The Preferential Tidal Stripping of Dark Matter versus Stars in Galaxies

TL;DR

This study uses high-resolution simulations to show that dark matter is more extensively stripped than stars in galaxies due to their different initial distributions, with implications for modeling galaxy evolution.

Contribution

It provides new quantitative relations for dark matter and stellar stripping, highlighting the stellar-to-halo size ratio as a key parameter, applicable across various galaxy and cluster masses.

Findings

Dark matter is stripped more than stars in galaxies.

Stellar-to-halo size ratio controls stripping efficiency.

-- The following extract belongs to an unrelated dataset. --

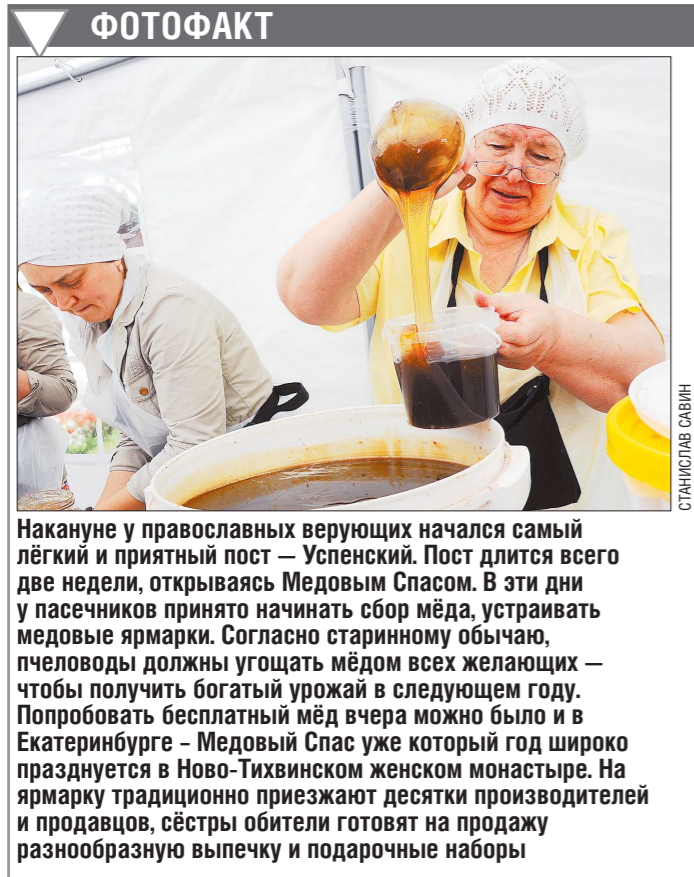
ФОТОФАКТ Накануне у православных верующих начался самый лёгкий и приятный пост — Успенский. Пост длится всего две недели, открываясь Медовым Спасом. В эти дни у пасечников принято начинать сбор мёда, устраивать медовые ярмарки. Согласно старинному обычаю, пчеловоды должны угощать мёдом всех желающих — чтобы получить богатый урожай в следующем году. Попробовать бесплатный мёд вчера можно было и в Екатеринбурге — Медовый Спас уже который год широко празднуется в Ново-Тихвинском женском монастыре. На ярмарку традиционно приезжают десятки производителей и продавцов, сёстры обители готовят на продажу разнообразную выпечку и подарочные наборы

Stripping relations are broadly applicable regardless of galaxy or cluster mass.

Abstract

Using high resolution hydrodynamical cosmological simulations, we conduct a comprehensive study of how tidal stripping removes dark matter and stars from galaxies. We find that dark matter is always stripped far more significantly than the stars -- galaxies that lose $\sim$80$\%$ of their dark matter, typically lose only 10$\%$ of their stars. This is because the dark matter halo is initially much more extended than the stars. As such, we find the stellar-to-halo size-ratio (measured using r$_{\rm{eff}}$/r$_{\rm{vir}}$) is a key parameter controlling the relative amounts of dark matter and stellar stripping. We use simple fitting formulae to measure the relation between the fraction of bound dark matter and fraction of bound stars. We measure a negligible dependence on cluster mass or galaxy mass. Therefore these formulae have general applicability in cosmological simulations, and are ideal to improve stellar stripping recipes in semi-analytical models, and/or to estimate the impact that tidal stripping would have on galaxies when only their halo mass evolution is known.